DON’T BET the back forty or even your worst deer rifle on this one, but a researcher claims to have found a previously undiscovered bacteria that’s the real cause of chronic wasting disease (CWD), fueling hopes for in-field testing and a vaccine.

Dr. Frank Bastian, a veteran neuropathologist formerly with the Louisiana State University Agricultural Center, said he’s proven a bacteria called spiroplasma to be the causative agent for CWD.

He was quoted in Outdoor Life magazine as saying past research showing the cause to be deformed proteins, called prions, was wrong.

“I’ve tested scrapie in sheep, CWD in deer and elk . . . the spiroplasma are there in every instance. Prions are not. They are the causative agent. And when you find the causative agent, and it’s a bacteria, you’re able to develop antibodies and treat that disease,” he said.

For the record, we have no independent verification of Bastian’s findings and there are a bunch of researchers urging caution. Even the National Deer Alliance and the Pennsylvania Game Commission have shared statements that cast doubt on the new findings.

“Decades of research have provided abundant evidence that prions are the infectious agent for CWD,” the commission said in a statement.

The topic goes far beyond saving deer and elk, for it is believed that humans have also been impacted by prions that are widely known as transmissible spongiform encephalopathies (TSE).

The naysayers point to past studies that link CWD in deer and Creutzfeldt-Jakob disease (CJD) in humans to similar prions, including one study that said any result proving bacteria as the cause has never been reproduced in a lab.

Enter Dr. Bastian, who claims to have been able to reproduce his results thanks to advancements in the way the bacteria is grown in a lab environment.

“I have grown the novel spiroplasma out of every sample of TSE-affected tissue I have tried,” Bastian told Outdoor Life. “I have grown it out of CJD-, CWD- and scrapie-affected tissues.
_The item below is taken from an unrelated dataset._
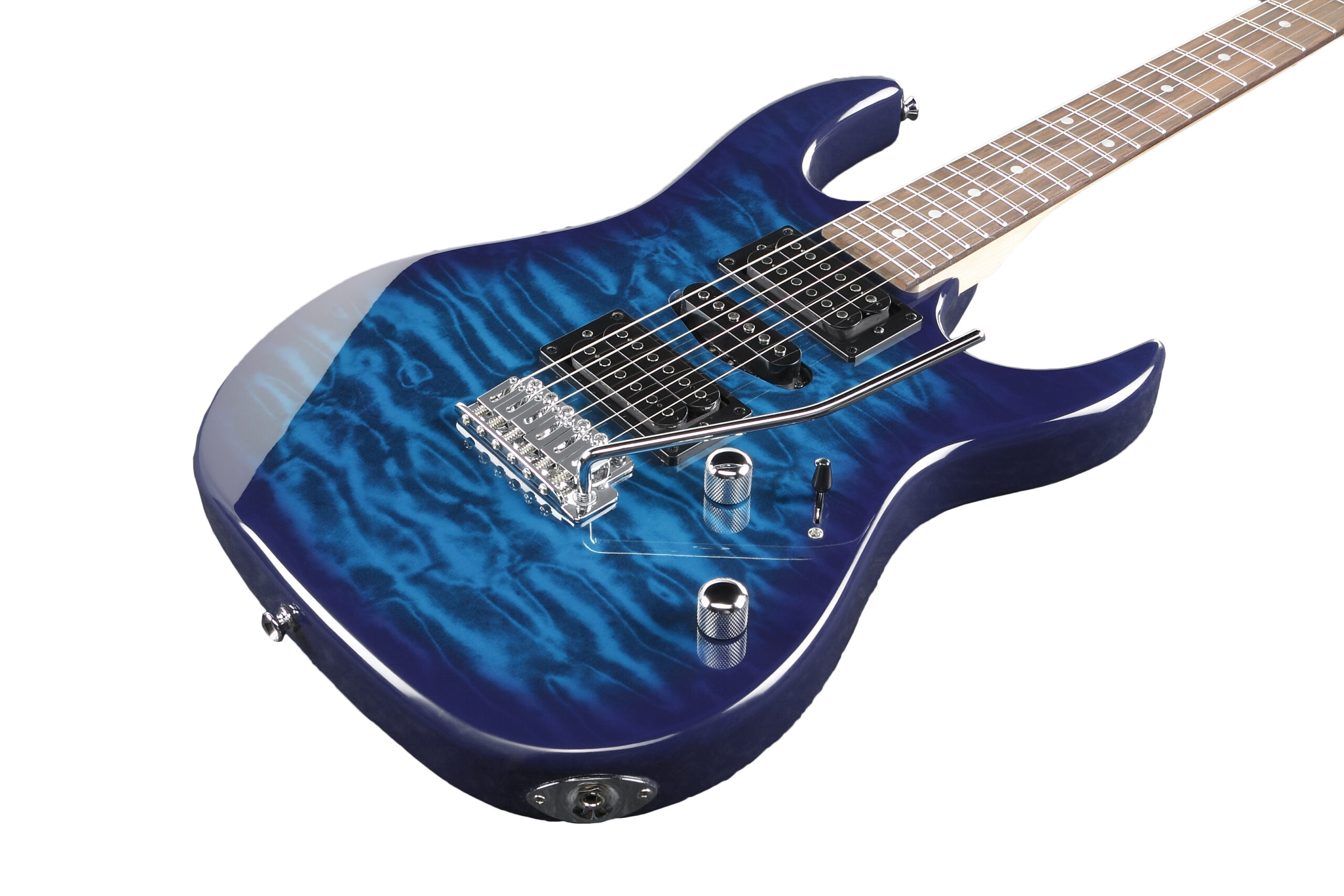 Featuring a poplar body with quilted maple art grain top, the GRX70QA produces balanced tone with visual flair, while the GRX maple neck with purpleheart fingerboard ensures smooth, confident playability. Equipped with a versatile pickup configuration and a tremolo bridge, this guitar gives players expressive tonal options and stage-ready performance. The stunning Transparent Blue Burst (TTB) finish enhances the instrument’s look with depth and character.

Prion proteins are absent in 10% of cases of TSE.” 

The potential discovery and all the controversy is worth some attention because if Bastian is correct, it would be a total game-changer for how we deal with all similar diseases.
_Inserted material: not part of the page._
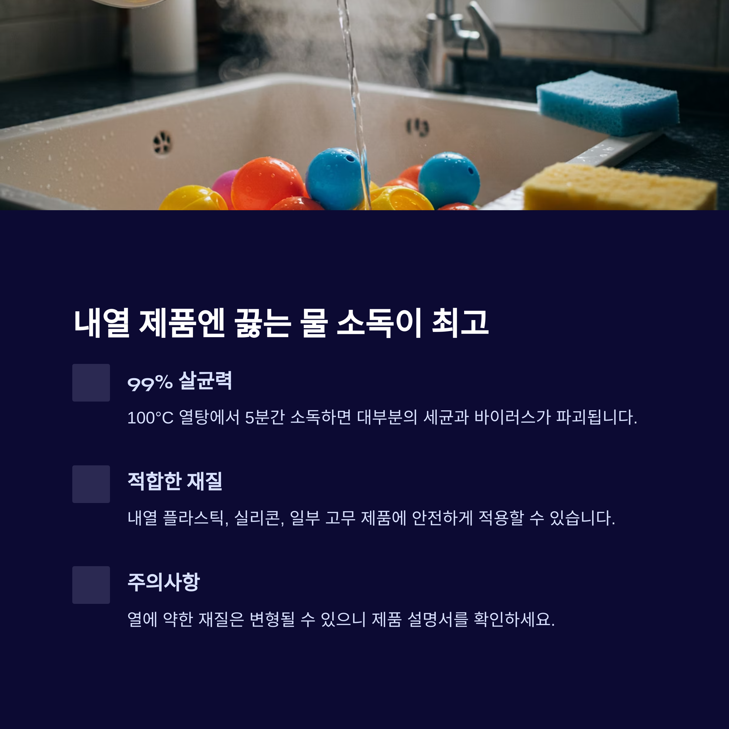 끓는 물이나 스팀 살균이 가장 효과적입니다.

The discovery went viral recently after a video was released sharing statements in early February made by Unified Sportsman of Pennsylvania ecologist John Eveland.

“We are here today to announce that we have discovered the real cause of CWD, and that we will have a cure and field application in 12 to 18 months,” said Eveland. “We now are set on a path to end this disease and pending nightmare in Pennsylvania, across America and throughout the world.”

First discovered at a Colorado research facility in the late 1960s, CWD incidences are known to exist in 251 counties in 24 states and two Canadian provinces.

Based on past research, there is no known cure, no concrete evidence as to how exactly the disease is spread, and it is believed to be 100% fatal.

And right now, the only way to test for CWD is by studying the head and neck of a dead animal, which is effective but limiting.

Bastian’s research, if correct, could change all of that. It could lead to an in-field blood test where deer hunters could quickly determine if the spiroplasma bacteria is present. It could lead to a vaccine that would help deer farmers and may impact the wild herd, if we can figure out how to get them inoculated.

Maybe an oral vaccine such as the one I remember taking as a kid for polio, on a sugar cube, would work at deer feeding stations to vaccinate large portions of the wild deer herd?

I don’t know Bastian and I certainly know nothing of his integrity or his motives. The Pennsylvania group did not abandon him after he left the university over a patent dispute on his discovery. In fact, they are setting up a new lab for him in New Orleans this month so the research can continue.

But as a deer hunter, I know that an in-field test kit that allows hunters to immediately test dead deer before they touch or field-dress them would be of great value. Long-term, it could save the sport of deer hunting.

Game farms would find it extremely helpful to be able to test live animals for the spiroplasma bacteria while they are still alive, and prior to a purchase or relocation efforts.

At present, the scientific community is still labeling this potential discovery as a theory. It hasn’t been proven or verified, and not one wildlife agency in the country has come forward to vouch for it.

I’m keeping an open mind on this one. Just because other researchers have ruled out bacteria as a cause for CWD doesn’t mean Bastian is wrong. We don’t know how extensive the previous research has been on bacterial causes.

But there is also competition for research funds and revenues from new drugs that sometimes influence research priorities. It will take time for independent testing to confirm or refute his findings.

Wouldn’t it be a hoot to go from a baiting and feeding ban in CWD-affected counties to being asked by the state to feed wild deer with vaccine-tainted food?

Only time will tell whether this new theory is proven true by scientific standards. If the results can’t be replicated, we’ll know that someone jumped the gun. If they can be reproduced, the ramifications will be felt worldwide.

For the sake of deer and deer hunting’s future, I hope Bastian is right.